De Filippis retired from motorsport in 1959, following Behra's death at AVUS. Too many of her friends had given their lives to the racetrack, but Behra's accident was all the more potent because he died behind the wheel of the car that de Filippis should have been driving that weekend.
"I knew that I was part of the family. And when I stopped racing, that was because Jean Behra had died in a race where I was supposed to race, not him. He went to the race without a drive, and I said 'it is ridiculous that I should race in your car when you stay on the floor. You go and race your car. It's your car.' I didn't even go to the race.
"Then, on the radio, I heard that he was dead. I decided, on the spot, to stop racing. Too many friends had gone."
Following Behra's death, Maria Teresa de Filippis retreated from the world of motorsport and turned her attention to raising a family.
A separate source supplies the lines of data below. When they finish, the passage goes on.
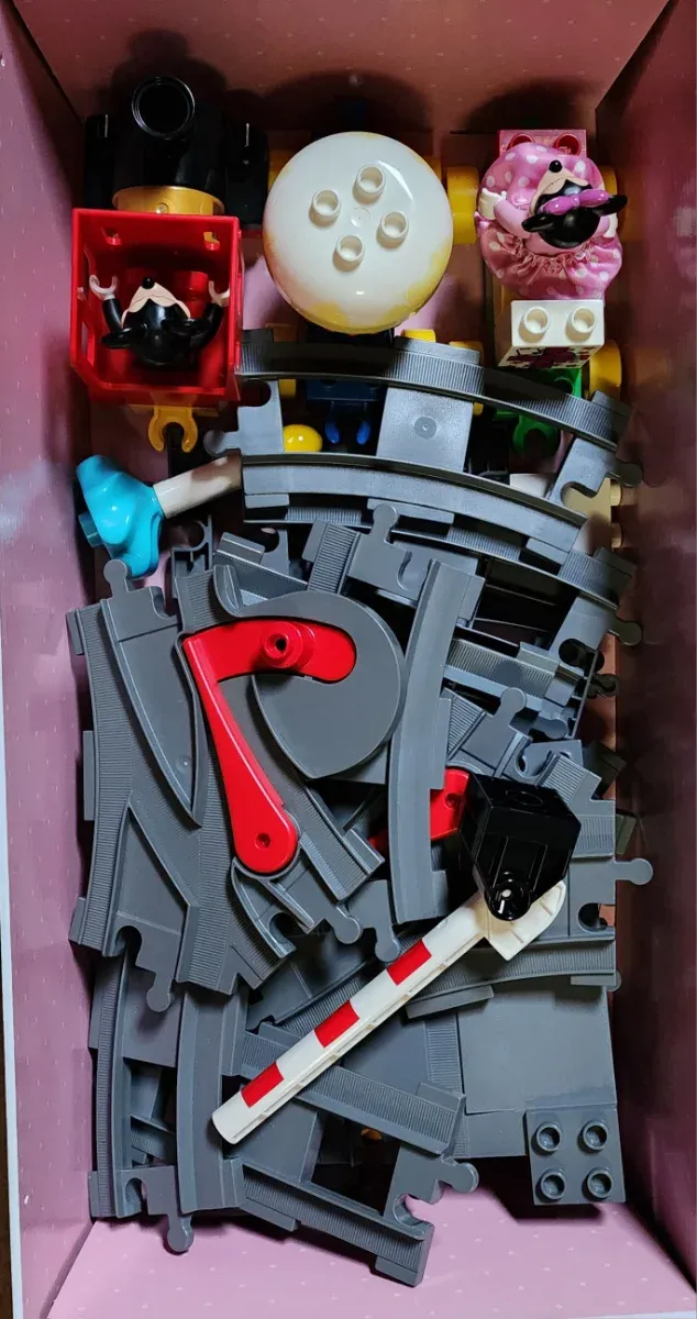 Set di binari e accessori per trenino Lego Duplo. - Binari curvi e dritti. - Semaforo con barriera. - Personaggi e elementi decorativi.
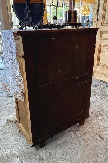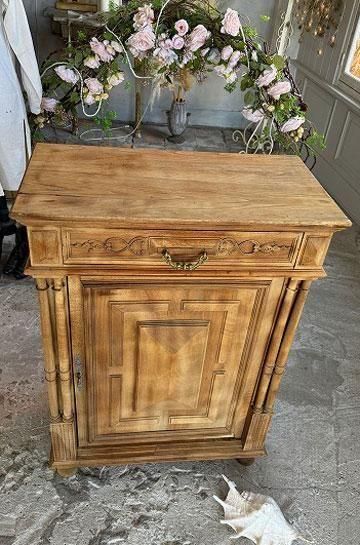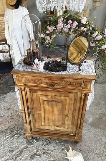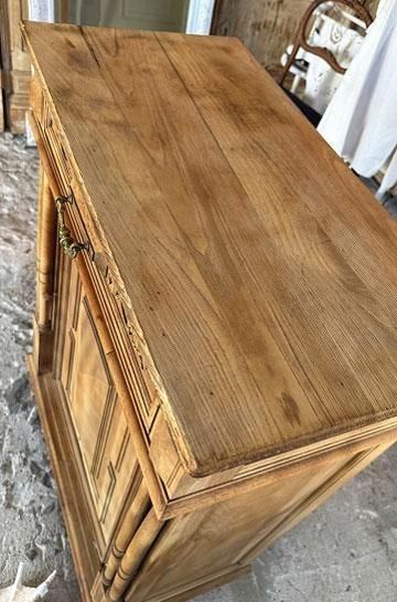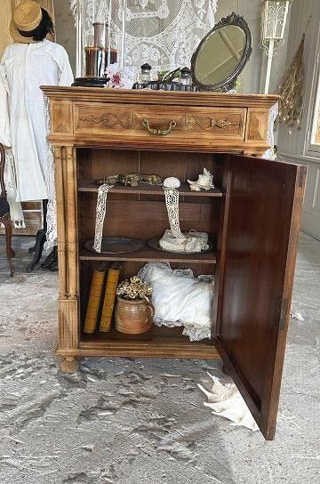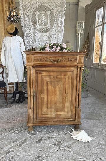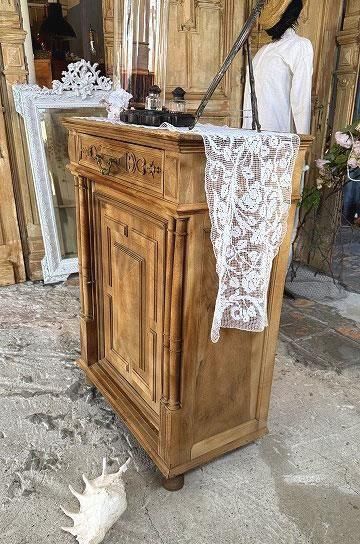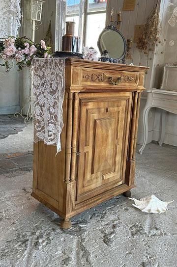 フレンチアンティークのオーク製オークカウンターテーブル。サンドブラストされてナチュラル肌の白木のオーク製の優しいカップボード。扉と引き出しには凹凸の深いダイヤ型の重厚なパネル扉です。引き出しにも同じデザインでモールディングのレリーフもついてきりっとメリハリのあるデザインのオークキャビネットです。お店のエントランスの案内用のカウンターとして使われていたオークテーブル。店員さん用の作業台やレジ台として、またハイスツールを合わせればちょっとしたテーブルとしても使えそうなカウンターテーブルです。広いワイドな引出にはテーブル用ナプキンやカトラリーが収納出来て。ボトムの開きは、収納力もたっぷり。年月を経過したナチュラルオークの木肌は、古い木の温もりが伝わってくる、優しく柔らかい印象。フレンチアンティークのオークカウンターテーブルです。 | ![]() | ||||||||||||||
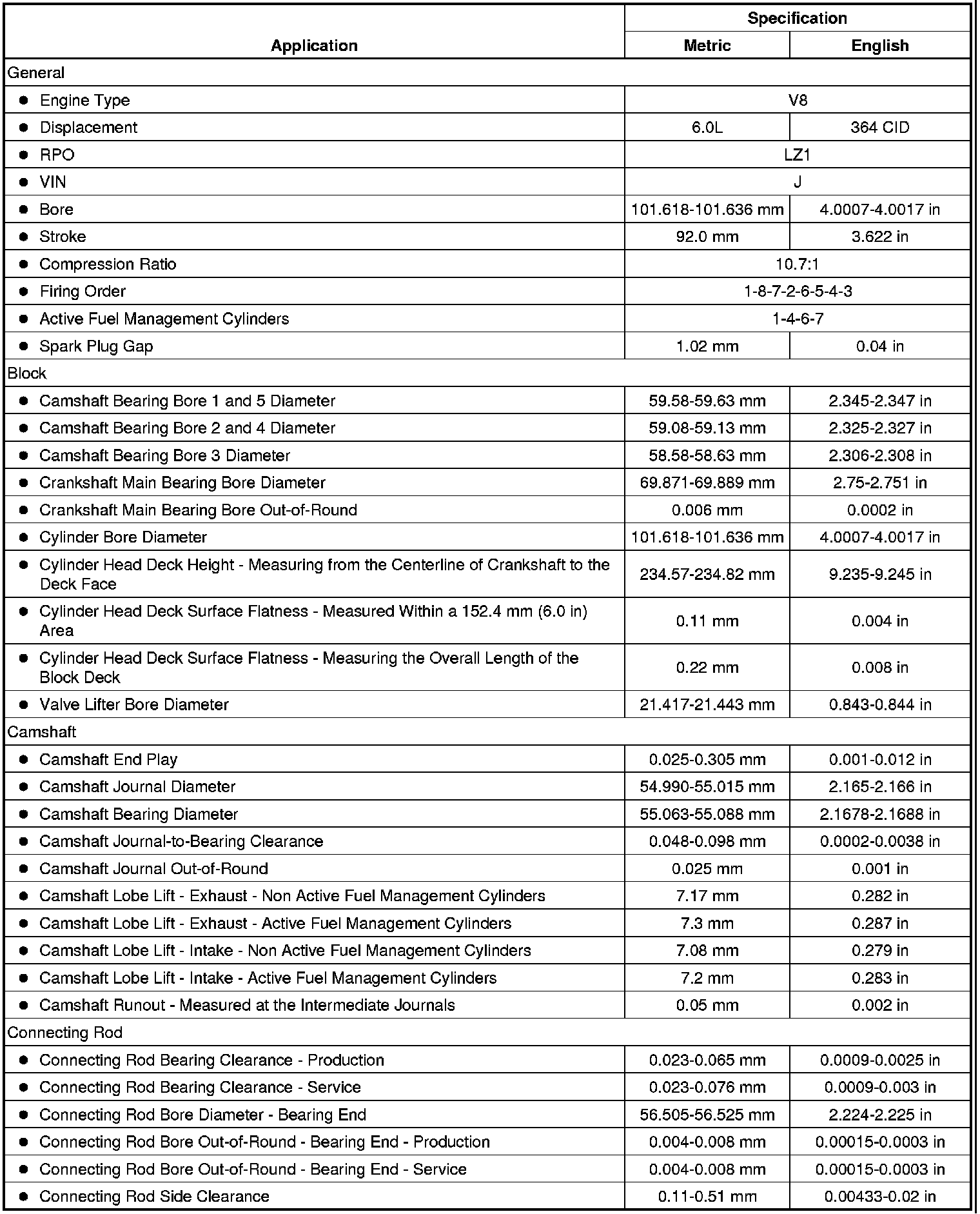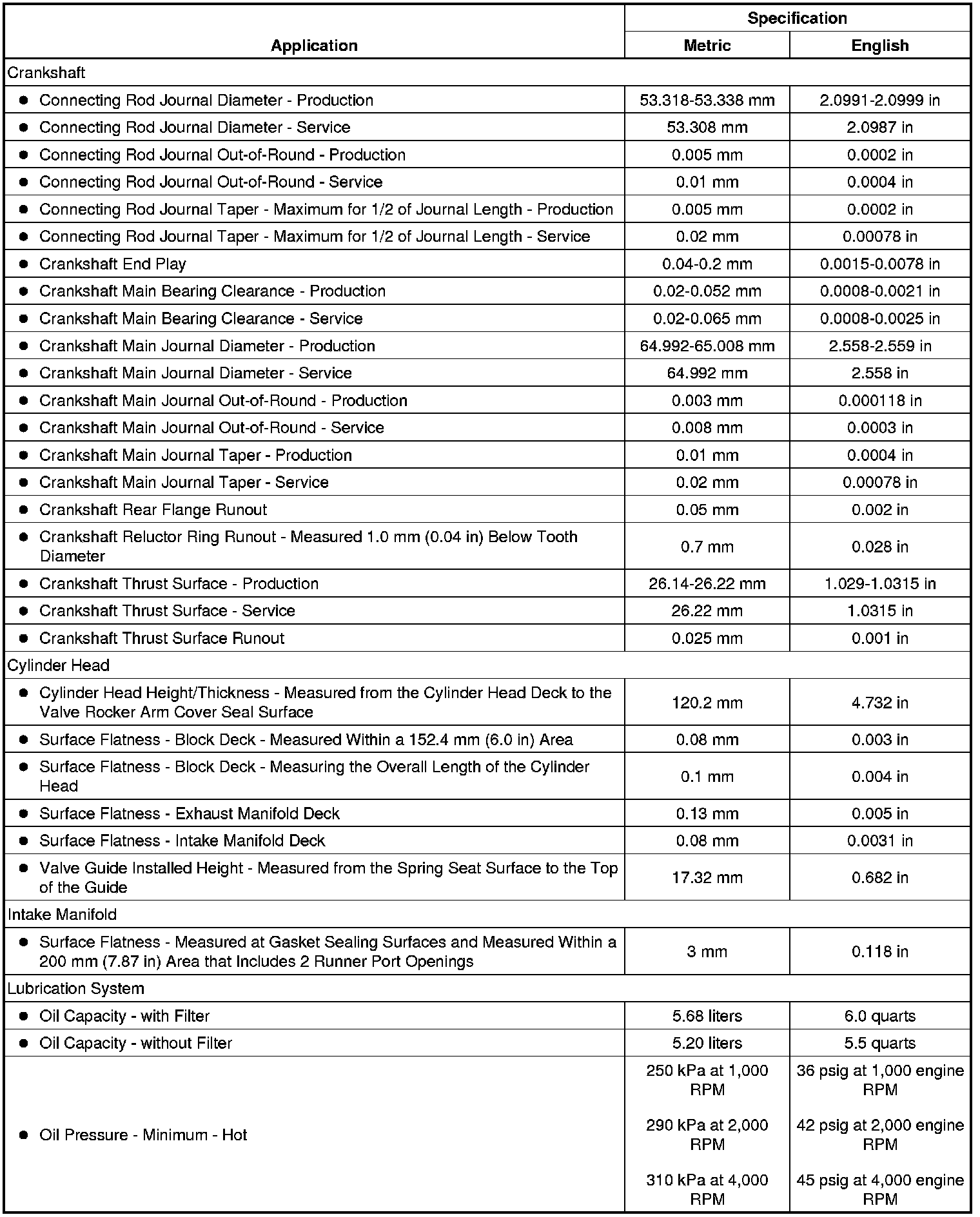Engine Mechanical Specifications

It took twenty years before she would be ready to re-enter the paddock, but in 1979 she joined the Grand Prix Drivers' Club and reconnected with the world she had left decades earlier.
"When I came back, the other guys had this club and they said 'join us'. It was the same as it had been twenty years before. Only the ones who died were not there. The start was more or less a continuation of what had been -- twenty years disappeared."
The interview took place in a combination of English, French, and Italian, and with translation help from Theo K. Huschek.